Jeffrey S. Miller, M.D.

Title: Deputy Director; Co-Leader Immunology Program, Masonic Cancer Center
Institution: University of Minnesota
Research: During the last 25 years, the Miller Lab has led clinical efforts to develop novel natural killer (NK) cell immunotherapy strategies to treat cancer by advancing lab-based discoveries in the areas of NK cell and interleukin (IL)-15 biology. The Miller Lab has found that exposure to cytomegalovirus (CMV) induces a population of NK cells with potent immune and anti-tumor function that are marked by the expression of the NKG2C activating receptor that recognizes HLA-E, which is overexpressed on many solid tumor cancers. Through their work, the Miller Lab plans to develop novel strategies to specifically target solid tumor malignancies by testing new induced pluripotent stem cells (iPSC) edits that facilitate homing and migration, overcome hypoxia, and promote survival after adoptive transfer in patients with solid tumor malignancies. To enhance the specificity and anti-tumoral activity of iPSC derived NK cells (iNK) cells, the Miller Lab has developed a camelid nanobody specific for B7-H3, an immune checkpoint protein, that serves as the engager of a novel chimeric antigen receptor (CAR). In addition, the Miller Lab will compare these CAR iNK cells using the same CAR edited into an iPSC-derived T cell. The impact of these investigations is to develop novel off-the-shelf immune cell therapies with the potential to change standards of cancer care.

M. Celeste Simon, Ph.D., M.S.,B.A.

Title: Arthur H. Rubenstein, MBBCh Professor, Scientific Director, Abramson Family Cancer Research Institute, Associate Director, Shared Resources, Abramson Cancer Center
Institution: University of Pennsylvania
Research: The most common kidney cancer subtype is clear cell renal cell carcinoma (ccRCC), which accounts for approximately 75% of all cases. Multiple therapies are now available to ccRCC patients, including anti-angiogenic VEGF/receptor tyrosine kinase inhibitors, immune checkpoint blockade, mTORC1-based drugs, and a novel HIF-2a inhibitor. However, not all patients respond to these treatments and five-year relapse rates now approach 40%, where many of these cases develop metastases. Through their work, the Simon Lab has generated copy number variation, transcriptomic, and metabolomic data to identify multiple metabolic pathways that are universally altered in ccRCC tumors. The findings of the research conducted by the Simon Lab have been extended to other cancers such as hepatocellular carcinoma (HCC) and soft tissue sarcoma (STS), which appear to engage in highly similar metabolic reprogramming. To continue these advancements, Dr. Simon and her team will investigate how consistent metabolic adaptations within the tumor parenchyma impact stromal components. A principal conceptual innovation of their recent work is the demonstration that multiple metabolic networks are consistently altered (approximately 100%) in genetically diverse cancers like ccRCC, HCC, and STS, and the identification of novel, highly feasible therapeutic strategies.
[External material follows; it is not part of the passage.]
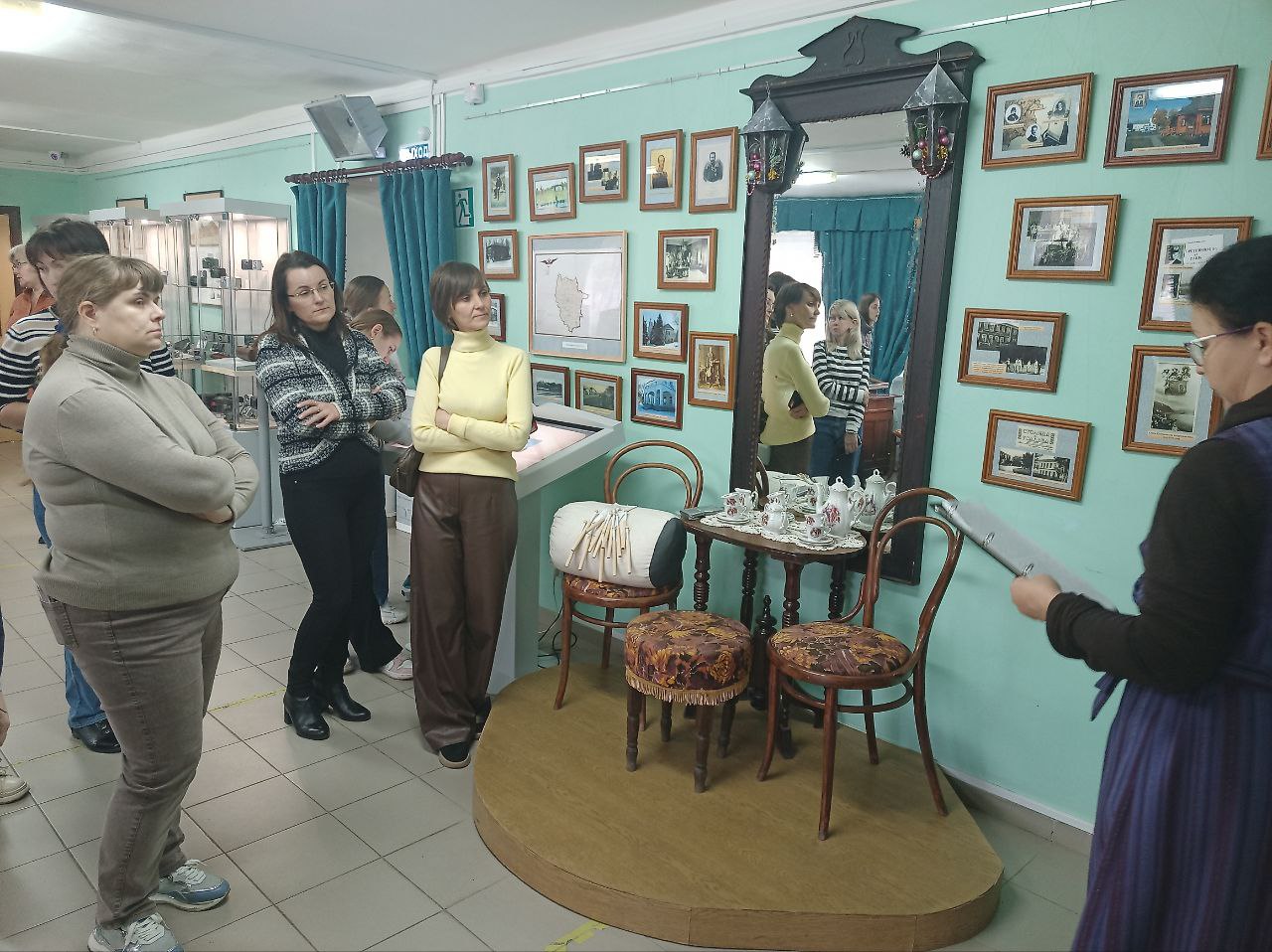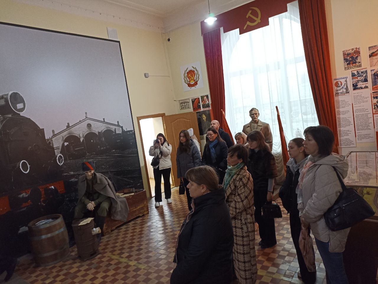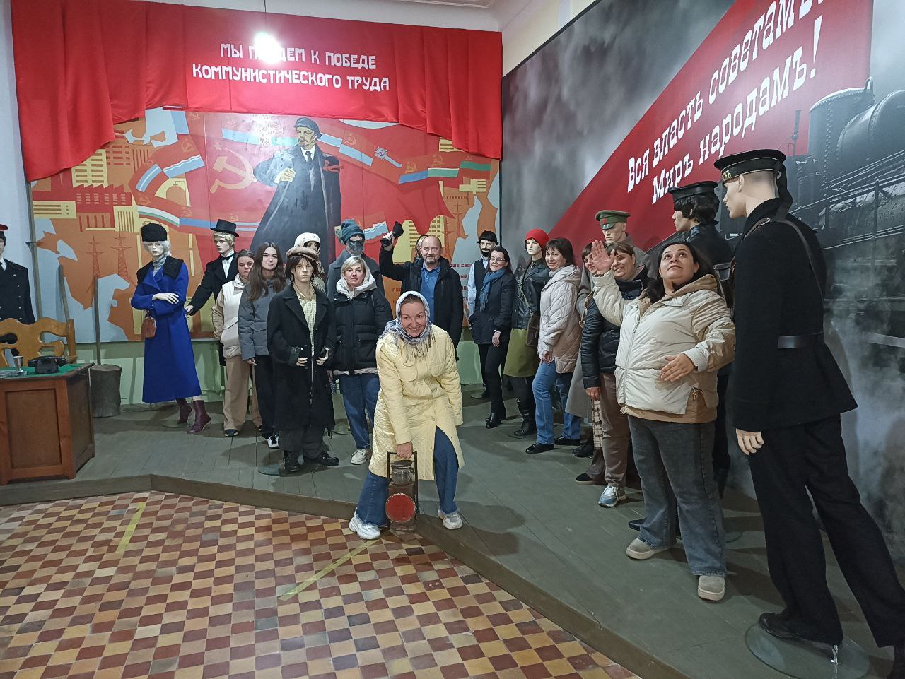 Первую остановку гости Кимовска сделали в музее 100-летия Октябрьской революции на железнодорожной станции, где узнали о жизни Епифанского уезда в революционное время, о значении Сызрано-Вяземской железной дороги в развитии деревни Михайловки (так раньше назывался Кимовск), о становлении советской власти в кимовском районе в сложный послереволюционный период. Педагогов заинтересовала информация о школьном образовании и детско-молодежном движении в советское время. Во время пешеходной прогулки к основному музею на улице Толстого экскурсанты ознакомились с самыми старыми историческими местами и зданиями, сыгравшими в истории населенного пункта значимую роль.

Ralph J. DeBerardinis, M.D., Ph.D.

Title: Professor, Children’s Research Institute, and Howard Hughes Medical Institute Investigator
Institution: UT Southwestern Medical Center
Research: Metabolic reprogramming is a hallmark of malignancy and potential source of therapeutic targets. Recent studies indicate that metabolic liabilities change as cancer progresses, meaning pathways most relevant to advanced cancers may not be apparent in locally invasive, treatment-naïve tumors at the site of origin. With this knowledge, the DeBerardinis Lab developed an approach to probe the metabolic network of intact human tumors by infusing patients with stable isotope-labeled nutrients during tumor resection or biopsy. To aid in their work, Dr. DeBerardinis and his team propose three directions. First, examine how mitochondrial metabolism stimulates metastasis to identify discrete metabolic dependencies that could be safely targeted in patients. Second, develop a series of approaches to discover new metabolic liabilities in human tumors. Third, use the orthogonal approach of studying human inborn errors of metabolism (IEMs) to discover why some metabolic anomalies prime cells to become malignant. Altogether, Dr. DeBerardinis and his team hope these efforts will build on their long-standing productivity in human cancer metabolism by uncovering new mechanisms governing the metabolic basis of cancer progression and producing new methodologies to understand and treat lethal malignancies.

Paul J. Hergenrother, PhD

Title: Kenneth L. Rinehart Endowed Chair in Natural Products Chemistry; Professor, Department of Chemistry and Carl R. Woese Institute for Genomic Biology; Deputy Director, Cancer Center at Illinois; Director, NIH Chemistry-Biology Interface Training Program
Institution: University of Illinois at Urbana-Champaign
Research: The clinical success of Gleevec (imatinib) two decades ago appeared to usher in a new era for cancer treatment, whereby a molecular defect in a patient’s tumor was known and could be exploited with a selective drug. However, the progress of traditional drug discovery in this realm suggests new approaches are needed to fully realize the potential of targeted therapy for oncology. Through their work, Dr. Hergenrother and his team have developed a discovery platform -- from compound synthesis, to cell culture evaluation, target identification, sophisticated animal models, and translation -- that has resulted in four novel cancer drugs licensed and moving toward cancer patients in 15 years. In their continued research, the Hergenrother Lab will create an unprecedented collection of compounds biased for anticancer activity. In doing this work, Dr. Hergenrother and his team will help the field realize the full potential of personalized medicine for cancer.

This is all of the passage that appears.